Therapeutic approaches targeting MAT2A and MAT2B may also be effective in liver disease. Molecules such as the fluorinated N,N-dialkylaminostilbenes (FIDAS reagents) bind to the active site of MATα2 and prevent its induction in colon cancer.⁹¹ Similar molecules that inhibit MATα2 and MATβ expression, post-translational modifications, stability, interactions, and activity could be used to target liver fibrosis and HCC. A thorough structural analysis of these proteins for the design of such drugs is required. Inhibiting the expression of MATα2 and MATβ suppressed HSC activation and might be a target for liver fibrosis.⁵⁹ The over-expression of miR-21-3p targeted MAT2A and MAT2B and might also be used to target HCC.³⁵ Targeting MAT post-translational modifications might also be a reasonable way to control liver disease. Recent work showed that the sumoylation of MATα2 stabilizes it, facilitated BCL-2 induction during HCC, and induced chemoresistance in HCC cells.⁴³ Therefore, blocking the sumoylation of MATα2 at specific residues using small molecules might provide a therapeutic advantage for HCC treatment. Similarly, the phosphorylation of MATα2 and MATβ at specific residues stabilized these proteins and facilitated HSC activation.⁴¹ Because HSC activation is an important mediator of liver fibrosis, blocking the site-specific phosphorylation of these proteins might be an effective liver fibrosis treatment. MATβ has been studied for its interaction with the ERK/MEK MAPK pathway and its association with cell survival in HCC.^{78, 82} The novel interaction of MATβ and GIT1 was shown to amplify Raf-mediated MAPK activation and therefore might be targeted to inhibit MAPK signaling and cell proliferation during HCC. ⁸⁴

5.Conclusion

MAT is an enzyme that produces SAMe, which is essential for all methylation reactions. MAT genes and isoenzymes are dysregulated in liver injury and cancer: MAT1A expression is reduced and its encoded isoenzymes MATI/III are inactivated. In contrast, MAT2A and MAT2B are induced in liver cancer. Furthermore, MATα1, MATα2, and MATβ subunits exhibit distinct interactions and post-translational modifications that have both SAMe-dependent and independent effects. A summary of the key findings are provided below:

• Liver pathologies (alcoholic hepatitis, non-alcoholic steatohepatitis, liver cirrhosis, HCC and CCA) are associated with reduced MAT1A expression.
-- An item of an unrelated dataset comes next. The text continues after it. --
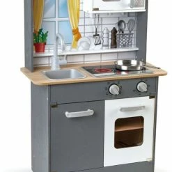 Τα παιδιά θα αγαπήσουν αυτή την ρεαλιστική κουζίνα. Ζητήστε από το παιδί σας να σας προετοιμάσει ένα “γεύμα” καθώς τα παιδιά λατρεύουν να μιμούνται τους ρόλους των μεγάλων!Οι μικροί Σεφ μπορούν να κρεμάσουν τα σύνεργα τους στην ειδική ράγα και στην συνέχεια να «μαγειρέψουν» στον φούρνο (ήχος μαγειρέματος και τηγανίσματος και φως). Ο φούρνος μικροκυμάτων διαθέτει χερούλι με ήχο. Τελειώνοντας την μαγειρική τα παιδιά μπορούν να αποθηκεύσουν τα σύνεργα τους στο ντουλάπι, να «καθαρίσουν» τον πάγκο και να «πλύνουν» τα σύνεργα τους χρησιμοποιώντας τον νιπτήρα και την βρύση! Περιλαμβάνονται μεταλλικό τηγάνι και σπάτουλα μαγειρικής.

• Reduced MAT1A expression is associated with SAMe deficiency in the liver.

• Liver fibrosis and HCC are associated with increased MAT2A and MAT2B expression.

• MAT2A and MAT2B exhibit a strong association with proliferative phenotype in the liver.

The future direction of this research will be to develop molecular approaches that stabilize MATα1 and destabilize MATα2/MATβ to provide effective strategies for the treatment of liver fibrosis, cirrhosis, HCC, and CCA.